詳細はモデルの精度や AI コーディングアシスタントツールのノウハウに依存するため本稿では割愛しますが、acomo の知識や API を踏まえた実装が十分現実的になった手応えがあります。
もちろん、一発でそのまま本番運用に耐える完成物ができるわけではありませんが、モックレベルの検証や、この成果物を土台に開発者が具体的な実装を進めるには十分に有用でした。

5. 公開(Docker ビルドと配布)

4.2 の動作確認はローカルビルド前提でした。
配布と再現性を高めるには、Docker イメージ化してレジストリへ公開するのが実用的です。
本プロジェクトでは、stdio トランスポートで起動する MCP サーバーを Docker 化し、GitHub Container Registry(GHCR)で配布する前提にしています。
リモート公開方式もありますが、本稿では扱いません。

Dockerfile と GitHub Actions(ビルド/配布フロー)の定義はリポジトリに用意しています。
利用手順、mcpServers の設定例、必要な環境変数の詳細は README を参照してください。

6. まとめ

OpenAPI を土台として @modelcontextprotocol/sdk を使った MCP サーバー化をおこないました。
これにより、API の選択から実行までを AI コーディングアシスタントが呼び出せるようになりました。
最小構成として「ツール(API 仕様問合せ・API 実行)」「リソース(ガイド)」「プロンプト(ガイド込みの会話雛形)」を MCP サーバー機能として実装しました。

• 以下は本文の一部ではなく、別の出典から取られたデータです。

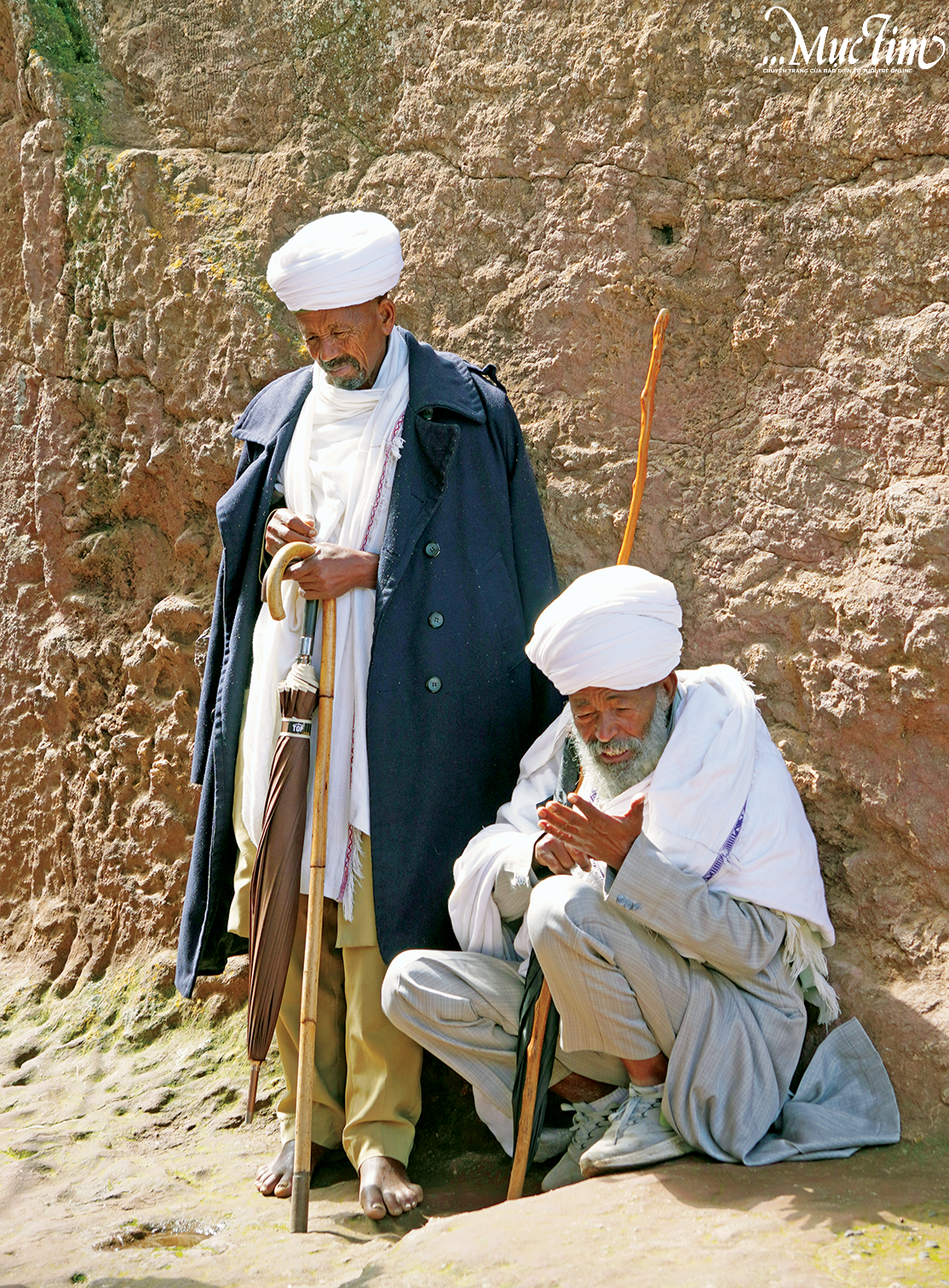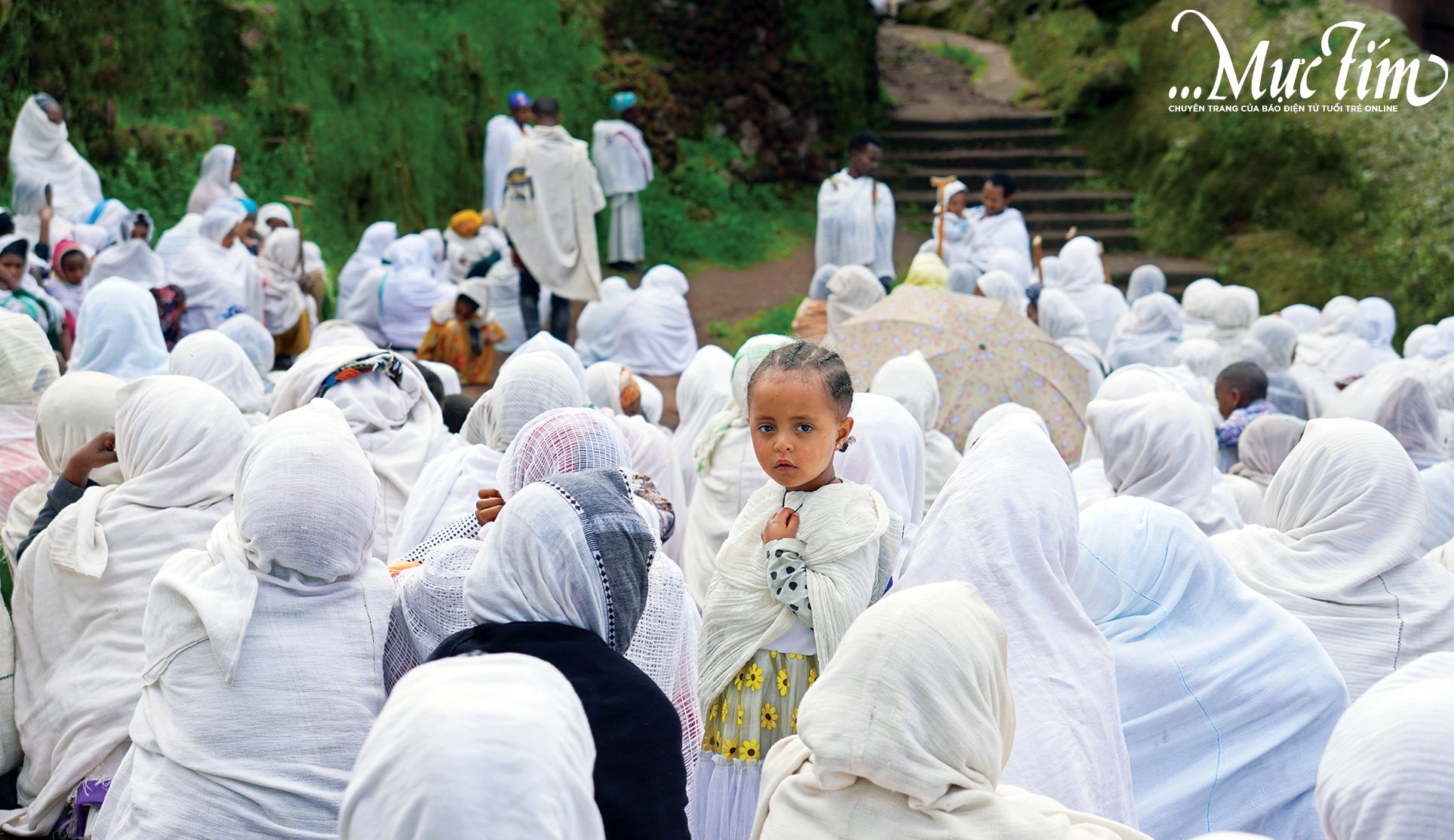 Gần sân nhà thờ, tiếng cầu nguyện ngân lên đều đặn. Người dân mộ đạo khoác bộ Habesha Kemis trắng tinh, phụ nữ quàng khăn netela, đàn ông choàng khăn trắng qua vai. Họ đứng thành từng vòng cung, mắt hướng về cửa điện.

OpenAPI 仕様はバックエンド・フレームワークから自動生成できる仕組みも一般的です。
既存の OpenAPI をそのまま MCP サーバー化すれば、API だけのバックエンドでもチャットから直接操作できる導線が整い、チャット AI の自社サービス組み込みのハードルがぐっと下がります。

今後も AI コーディングアシスタントを前提とした開発が今後さらに主流になることが予想されます。
そのため acomo サービス提供者としても、 MCP サーバーとして公開しておくことには、開発者の学習コストの圧縮と実装着手までのリードタイム短縮という意味で大きな価値があると考えています。